Bei Licht besehen – vom Licht ist gleich anschliessend die Rede! – ist das unser grosses Glück. Denn alles, was danach über uns gesagt wird, hat hier seinen Ursprung. Im Geheimnis der Beziehung zwischen Gott und Jesus finden wir unseren Ursprung, unser Leben, unser Licht, unsere Würde.
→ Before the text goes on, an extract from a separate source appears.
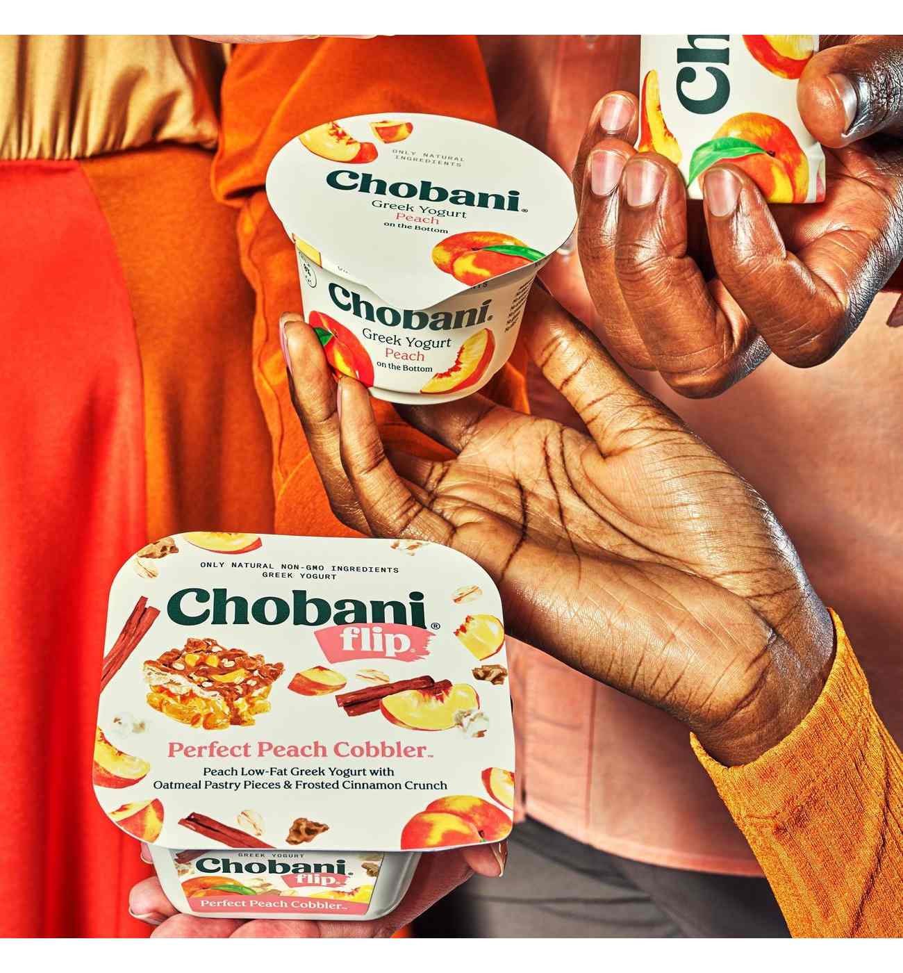 Over 20 flavors of lip-smacking snacking. Our most fun yogurt, Chobani Flip Greek Yogurt is a good source of protein. Perfectly portioned with a side of only natural, crunchy mix-ins. Great for breakfast or as a snack. Peach Chobani Greek Yogurt with oatmeal pastry pieces and frosted cinnamon crunch. Made with only natural ingredients.

Deshalb wirbt das ganze Evangelium um das Vertrauen zu Jesus, das Wort im Anfang. Man kann dieses Wort nicht hoch genug schätzen.

«Im Anfang

war das

Wort,

und das Wort war bei Gott, und Gott

war

das

Wort. Dasselbe

war im Anfang

bei Gott.» Johannes 1, 1–2

© fotolia – HAKKI ARSLAN

Wer neutestamentliches Griechisch lernt, wird die Sätze aus Johannes 1, 1–2 bald übersetzen können. Alle Vokabeln gehören zum Grundwortschatz, die Satzkonstruktion könnte nicht einfacher sein. Andererseits: Mit diesen einfachen Worten wird das Tiefste ausgesagt, was überhaupt gesagt werden kann. Sie bleiben ihrem Sinn und Inhalt nach jedem Nachdenken voraus: uneinholbar.